Alita: Battle Angela could be just another space-age story.  It’s full of cyborgs (we love’ em), but it’s not standard fare for frequent sci-fi movie buffs and sci-fi readers.  Without the “distraction” of Robert Rodriguez’s special effects, you can really get to the heart of the movie’s story by going to the underlying source work it adapts, or in this case, its novelization, Alita: Battle Angel–The Official Novelization, by author Pat Cadigan, who also wrote last year’s Harley Quinn–Mad Love, reviewed here at borg.  The film is an adaptation of the manga Battle Angel: Alita by Yukito Kishiro, a story about self-discovery and empowerment via a centuries-old human brain that finds its way into the cybernetic body of what looks like a teen girl.  The film changes enough from the manga, incorporating several new characters and conflicts, that the novelization and film stand apart from Kishiro’s manga.  So how does the new story fare?

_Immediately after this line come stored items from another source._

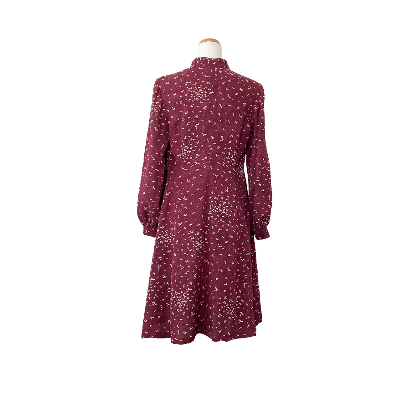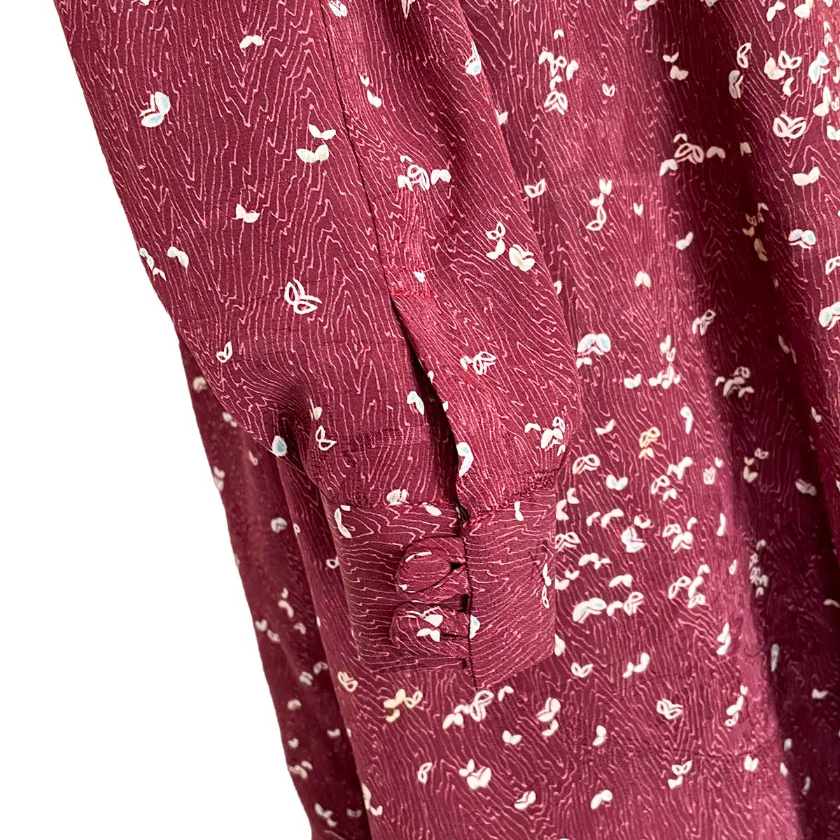 見る角度によって色味や艶めきの変化を感じる、とろみのあるアンティークの錦紗縮緬の着物をオーダーメイドでリメイク致しました。赤紫色に小さな小さな蝶の群れが舞う可愛らしい小紋。シルクの艶めきで大人の落ち着きも感じられます。フロントに沢山お付けしたループとボタン、袖口だけふんわりとボリュームアップした長袖のパフスリーブ、そして胸元のリボンタイが、フェミニンな雰囲気のドレスに仕上がりました。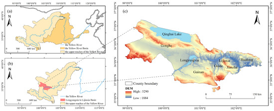Location of the Longyangxia to Lijiaxia Basin. (a) Location of the YRB and the upper reaches of the Yellow River. (b) Location of the upper reaches of the Yellow River and the Longyangxia to Lijiaxia Basin. (c) Regional map of the Longyangxia to Lijiaxia Basin.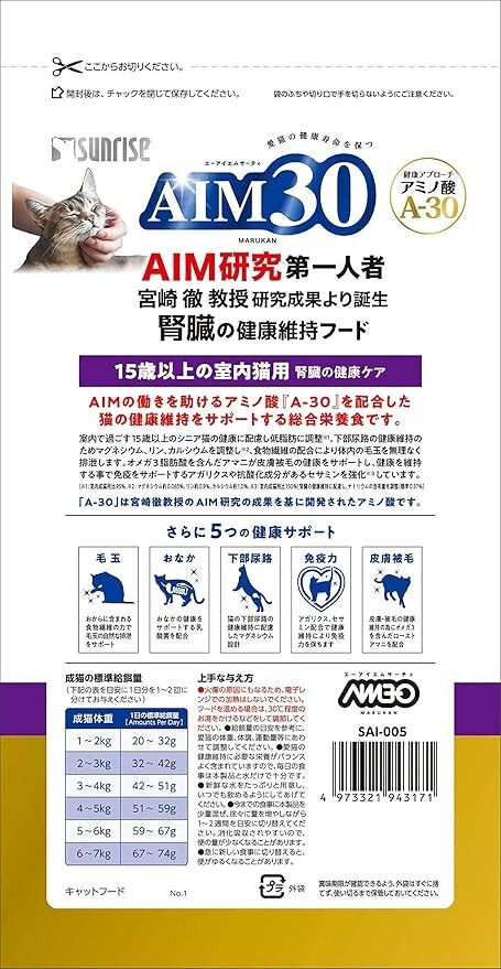 Item description This is Chicken Flavor!! AIM30 Kidney health care for over 15 years old indoor cats 600g Fish Flavor ↑This is fish flavor :) Here is the series of AIM30 and treats! (Plus AIM18 treats!) B uy 2 or 3 you will get some discount and for more than 2 bags of food, will ship with Expedited For Kitten AIM30 Healthy Urinary Tract Care for Kittens 600g Fish Flavor For Mature/Adult cats AIM30 Indoor Spaying/Neutering Mature Cat Health Urinary Tract and Hairball Care AIM30 Indoor Mature Cat Healthy Urinary Tract and Hairball Care Fish Flavor For Senior Cats : over 11 years AIM30 Kidney health care for indoor cats over 11 years old 600g Fish Flavor AIM30 Kidney health Care for Indoor Spayed/Neutered Cats over 11 Years 600g : over 15 years AIM30 Kidney health care for over 15 years old indoor cats 600g Fish Flavor : over 18 years (almost 20) AIM30 Kidney health care for indoor senior cats aged over 18 600g Fish Flavor Buy 8 different kinds of Treats! AIM30 Crunchy Treats (Fish, Chicken, Salmon, Seafood, Cheese, Mix, Beef, Tuna) Chicken Flavor series AIM30 Indoor Spaying/Neutering Mature Cat Health Urinary Tract Hairball Care AIM30 Indoor Mature Cat Healthy Urinary Tract and Hairball Care Chicken Flavor AIM30 Kidney health care for indoor cats over 15 years old 600g set of 3 Chicken AIM30 Kidney health care for indoor senior cats aged over 18 600g chicken Flavor Here is more AIM series from CHAO, get some different treats (semi-liquid, chewy type) this one features AIM18 for Cats kidney health CIAO for AIM Chewy Treat Variety pack 25 pieces Kidney Heath Churu semi- liquid This is a comprehensive nutritional food to support the health maintenance of senior cats aged 15 and above who spend their time indoors, formulated with amino acid "A-30". It is adjusted to be low in fat to consider the health of indoor senior cats. Magnesium, phosphorus, and calcium are adjusted for the maintenance of lower urinary tract health, and by incorporating dietary fiber, hairballs are excreted naturally. Roasted amani containing omega-3 fatty acids supports the health of skin and fur, and Agaricus and sesamin, which support immunity by maintaining health, are strengthened. (※1 Comparison for indoor cats: 95%, ※2 Magnesium approx. 0.085%, Phosphorus approx. 0.9%, Calcium approx. 1.0%, ※3 Comparison for indoor adult cats: 150%). It is adjusted to contain an appropriate amount of sodium (standard 0.37%) for the maintenance of kidney health. Standard retail price (tax included): Open Ingredients: Corn, gluten meal, chicken, beef, pork, animal fat, wheat flour, fish extract, roasted amani, dietary fiber, vegetable oil, yeast, chicken liver powder, okara powder, tuna/bonito shavings powder, lactic acid bacteria, agaricus, cranberry, sesamin, minerals (P, Na, Cl, Ca, K, Zn, Fe, Cu, Co, Mn, I), amino acids (cystine, methionine, taurine), vitamins (A, B1, B2, B6, B12, C, D3, E, K3, choline, niacin, pantothenic acid, biotin, folic acid), seasoning, antioxidant (mixed tocopherols, herb extract) Nutritional components: Protein: 28.5% or more, Fat: 10.0% or more, Crude fiber: 4.0% or less, Ash: 9.0% or less, Moisture: 10.0% or less Energy: 315 kcal (per 100g) Capacity: 600g Country of origin: Japan Expiration date: 18 months Product number: SAI-005 JAN: 4973321943171 Shipping We ship currently US only using an international courier service for Expedited shipping. It takes about 2-7 days to deliver. Free ECONOMY shipping uses USPS, so it may take 1-3weeks to deliver. We offer tracking and insurance for your peace of mind. We can also combine shipping and save you some costs. For combine shipping , t he shipping fee depends on the total weight(or size) of your items so we will send you a new invoice(or payback for the shipping cost) so please feel FREE!!! to ask. Returns We accept returns only if the item is not as described. International Buyers You may have to pay import duties, taxes and charges when you receive your item. These are not included in the item price or shipping fee. These are your responsibility. Please check with your country?s customs office before buying to find out what these costs are. Do not confuse them with additional shipping charges. We do not mark merchandise values below value or mark items as ?gifts? US and International government regulations prohibit such behavior.

Above all, the biggest surprise is that Alita: Battle Angel–The Official Novelization is in every way a young adult novel, based on its protagonist, story structure, and the author’s writing style.  In fact the film may have missed a niche audience–as the studio targeted adult sci-fi buffs instead of fans of stories like the Divergent series, Twilight, The Maze Runner series, City of Ember, and Ender‘s GameEven more on-point, Alita: Battle Angel follows the same emotional highs and lows of The Hunger Games.  Both The Hunger Games and Alita: Battle Angel are teen heroine updates to both Rollerball (1975) and The Running Man (1987), but like some of the best science fiction they are also remakes of the oldest of them all, Frankenstein, and its descendant PinocchioBlend these four popular stories together and you can understand why James Cameron prepared 600 pages of development material for the Alita project he would ultimately produce into the film.

Pat Cadigan′s storytelling is a mirror of the writing style and pacing of The Hunger Games’ novel writer, Suzanne Collins.  In a significant way, Alita: Battle Angel is a teen romance, a romance between Alita–an amnesiac cyborg who is primarily robotic but has a human brain–and her newfound human boyfriend Hugo.  Hugo is a street kid who helps her learn who she wants to be and how to survive on the streets of a futuristic Earth where everyone who isn’t a cyborg is mugging cyborgs to steal their parts and swap them for cash.  As with Katniss and Peeta in The Hunger Games, Alita and Hugo fall in love as they help each other and work together when faced with an onslaught of ever-increasing impediments to their survival.  And yes, this is another superheroine with a problem like the heroine in the new Captain Marvel movie.